Research assignment #4
https://www.nytimes.com/2024/10/29/world/americas/brazil-forest-amazon-chemicals.html
In the article The New Threat to Brazil’s Forest: Chemicals by Jack Nicas and Flávia Milhorance it talks about a case that the authorities have found in Brazil that people have been using chemicals to get rid of trees and forest areas to be able expand their business. In this articles it focuses specifically on a rancher named Claudecy Oliveira Lemes, who is suspected and accused of using herbicide burning on the forest. This dangerous technique is called chemical deforestation. Criminals used this technique because it is “difficult to detect, it looks like a fire and you can deforest thousands of hectares in a short time,” Ana Luiza Peterlini . In the article it states what the herbicides do it causes the trees to lose their leaves and then to dry out. Authorities believe that Mr. Lemes does this in order to raise cattle.
Most trees in the Pantanal, where Mr. Lemes property is located is known for as the world’s largest wetlands, are not Valuable for commercial sales. Mr. Lemes is suspected of a practice known as “cattle laundering.” In this practice the owner of the cattle would burn a part of the forest to be able to raise more cattle and then sending those cattle raised in part of the herbicide burned down forest to be passed to through a legal farm before going to a slaughter house. In the article it also mentions that Mr. Lemes “has supplied to a company named BJS, a Brazilian beef giant that exports to the United States.” In class we talked about the countless exports that Latin America have provided to the U.S in goods like coffee, bananas, sugar and material. One example of how the U.S benefited from this is in fruits in which the U.S was able to acquire land in foreign countries and start planting and cultivating things and would often be able to take out competition by importing goods that came from their owned land or companies that would sell them for cheaper. “Kepner and Soothill’s meticulously documented 1936 study explain how United fruits shipping fleet, combined with its control over railroads and port facilities, enabled the company to squeeze out would-be competitors by giving preference to bananas produced on its own farm.” We also discussed in class the illegal goods that would be exported into the U.S like Cocaine which derived from the coca plant which in Latin America was commonly used by people to help them with exhaustion form work and to numb pain. Illegal drugs would also make their way to the U.S and criminals have always tried to find ways to profit from that as well.
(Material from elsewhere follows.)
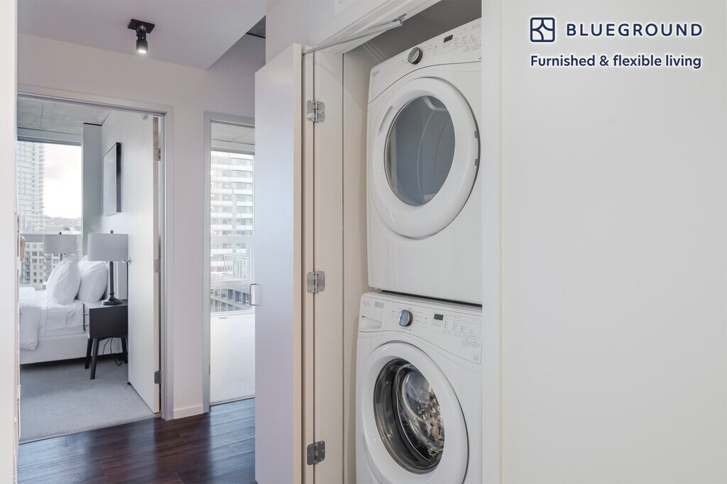 Discover the best of Seattle, with this two bedroom apartment in Denny Triangle. It’ll be easy to simply show up and start living in this furnished apartment with its fully equipped kitchen, living room, and our dedicated, on-the-ground support. (ID #SEA995) The advertised rate of $4,220/month is the lowest available price, based on a 12 month(s) stay with a move-in date of April 24, 2026. Rates vary depending on the duration of stay, season, and other parameters. For exact pricing and additional pricing components, please visit our website and enter your desired move-in and move-out dates. The rate is applicable when billed upfront; it can be higher if billed in multiple payments. Brokers are welcome to reach out. Were you looking for an unfurnished lease? Try Blueground instead and upgrade from unfurnished to furnished living: - Furnished at rates comparable to unfurnished - No setup or furniture costs - save thousands - Move-in ready - save time, just bring your suitcase Designed with you in mind Thoughtfully designed with bespoke finishes, modern furnishings, and a fully equipped kitchen, you’ll enjoy that “I’m home” feeling with this Blueground apartment. Whether you’re lounging in your charming living room streaming the latest and greatest entertainment on the smart TV or premium wireless speaker, or getting some well-earned rest on the superior quality mattress with fully stocked linens, you’ll fall in love with everything this Denny Triangle apartment has to offer. This apartment also offers in-apartment laundry. Sleeping arrangements King Bed, 70.8in/180cm Queen Bed, 63in/160cm Amenities Building amenities unique to this two bedroom apartment include an on-site: - Doorman - Dryer - Elevator - Swimming pool - Washing machine - Media room - Parking - Pets allowed - Rooftop BBQ Arrival and ongoing support The entire apartment is yours to enjoy! Throughout your stay, you’ll have access to our Client Experience team through the Blueground App. You can schedule additional cleanings, submit maintenance requests, and view our neighborhood recommendations with just a few taps. We’ll share all details upon confirmation of your stay. Ideally Located This furnished apartment is located in Denny Triangle, referring to the triangle-shaped area formed by Denny Way, Olive Way, and 5th Avenue. As the home of the Amazon Seattle headquarters, this area is a thoroughly developed business hub, full of high rise offices and condos. There’s no shortage of dining options here, offering practically every cuisine for lunch or dinner. This neighborhood is ideal for walking, and the central location makes it easy to go on foot to Downtown, South Lake Union or Capitol Hill. To get around, the King Country Metro Route 8 will be your guide. Other things to note Building amenities may have an extra cost. This Blueground apartment has flexible lease options, allowing you to book it for one month, a year, or more. Pets are welcome, though weight limits and breed restrictions apply and may incur fees. Parking is offered based on availability and is subject to a fee. We take great pride in ensuring every photo displayed is shot in our own units with our actual furnishings. That said, we regularly refresh our decor and furniture arrangement, which may differ from what’s pictured. [SI]

In the article it also talks about who are affected by the chemicals used in destroying the forests. It talks about the method in which they would spread the herbicides through Areial Spraying. “In 2021, nearly 400 people in the Wawi indigenous territory had to move their village because chemicals were being sprayed on areas of the Amazonian forest where they farmed and collected honey.” This reminds me of the reading in perusal we did on primary sources in which it talks about Bolivia and the National park in which the government wanted to build a highway that would connect various states but it meant that part of the park would have to be cut down. And it resembles how there are people who would do anything to make profits in both cases not caring if the indigenous who call that land their home are affected by the cutting of the forest or not. And similar to the book Guarana because of the companies who are making expenditure to factories and other constructions would often be making their way into the Amazon forest and begin to destroy plant life.
Jack Nicas and Flávia Milhorance “The New Threat to Brazil’s Forest: Chemicals.” The New York Times, October 29,2024. https://www.nytimes.com/2024/10/29/world/americas/brazil-forest-amazon-chemicals.html
Jack Nicas and Flávia Milhorance “The New Threat to Brazil’s Forest: Chemicals.” The New York Times, October 29,2024. https://www.nytimes.com/2024/10/29/world/americas/brazil-forest-amazon-chemicals.html
John Soulri “Account for Taste: export Banana, and Panama Disease.” Environmental History, Jul. 2002. Vol. 7, No. 3 pp.391.